I was gonna say something but I figured you were just hallucinating again.


----------



## fusangite (Aug 3, 2005)

reveal said:
			
		

> He can't hear you. He's too busy eating his raw-beef milkshake.



Ideally, it should be a raw pork & scallop milkshake.


----------



## reveal (Aug 3, 2005)

fusangite said:
			
		

> Ideally, it should be a raw pork & scallop milkshake.




This is true. But really any meat and dairy together is considered non-kosher. Throw in some scallops and you're just *asking* for trouble.


----------



## kenobi65 (Aug 3, 2005)

reveal said:
			
		

> But really any meat and dairy together is considered non-kosher.

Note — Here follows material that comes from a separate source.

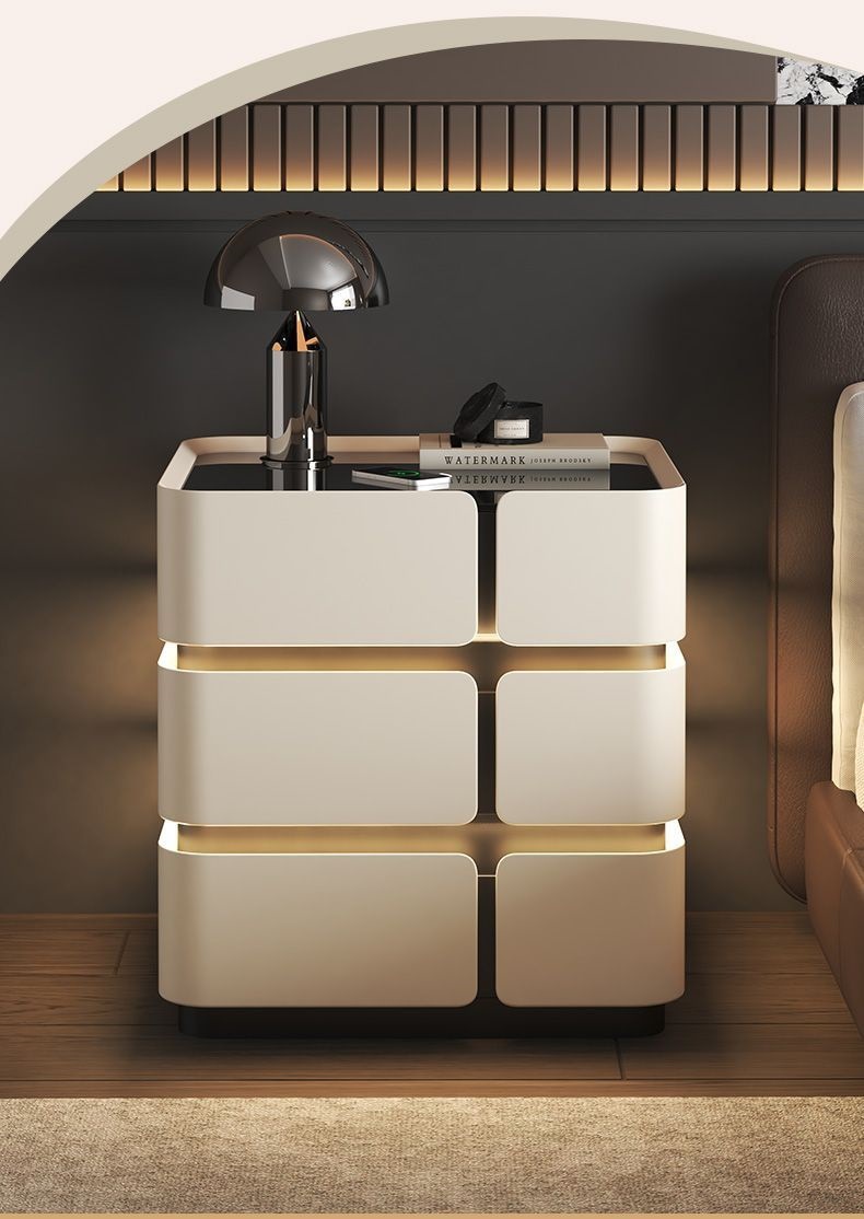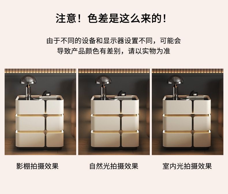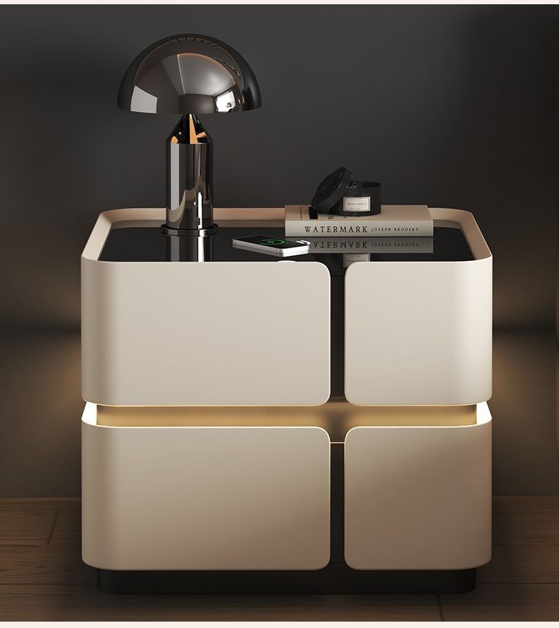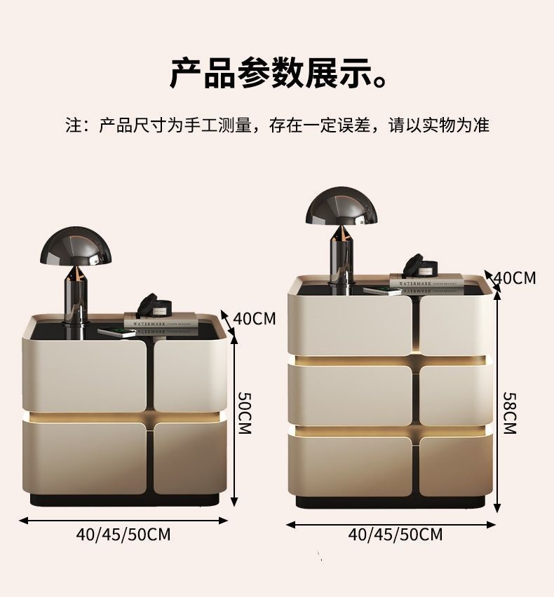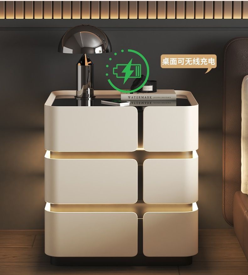 新しいスマートライトミニマリスト無垢材小型収納ベッドサイドテーブルベッドサイドキャビネットシンプルで軽い高級モダンなクリーム寝室

Indeed; though I'm not Jewish, I've been told about that particular bit of kosher law.  "The cow can't give twice," is how I've heard it described.  It also makes the cheeseburger non-kosher (though, if you used fake cheese, maybe you could get away with it...  )


----------



## reveal (Aug 3, 2005)

kenobi65 said:
			
		

> Indeed; though I'm not Jewish, I've been told about that particular bit of kosher law.  "The cow can't give twice," is how I've heard it described.  It also makes the cheeseburger non-kosher (though, if you used fake cheese, maybe you could get away with it...  )




If you haven't tried them, get yourself some kosher hot dogs, specifically either Best Kosher or Hebrew National. They HAVE to be 100% beef or they wouldn't be kosher. I refuse to eat any other kind of hot dog because kosher dogs make all other hot dogs taste like what they truly are (and we all know what's in a non-kosher hot dog ).


----------



## BigFreekinGoblinoid (Aug 3, 2005)

At the risk of sounding strange and vulgar, I would like to offer a suggestion that sex be followed up by bacon in lieu of a tobacco product. Don't knock until you try it. 

-I'm not fat -    really!


edit- ok, not a new idea for this thread. But definitely a play tested one. 

how about this? :

Bacon wrapped chicken roasted on a skewer is fabulous

Even better than the Filet Mignon wrapped in bacon - they just complement each other so.


----------



## WayneLigon (Aug 3, 2005)

Bacon and beans! A strip of bacon added to the beans and cooked with them gives them a nice ham flavor. Cooked bacon crumbled over white beans can't be beat. Black-eyed peas and bacon. Makes you slap your momma.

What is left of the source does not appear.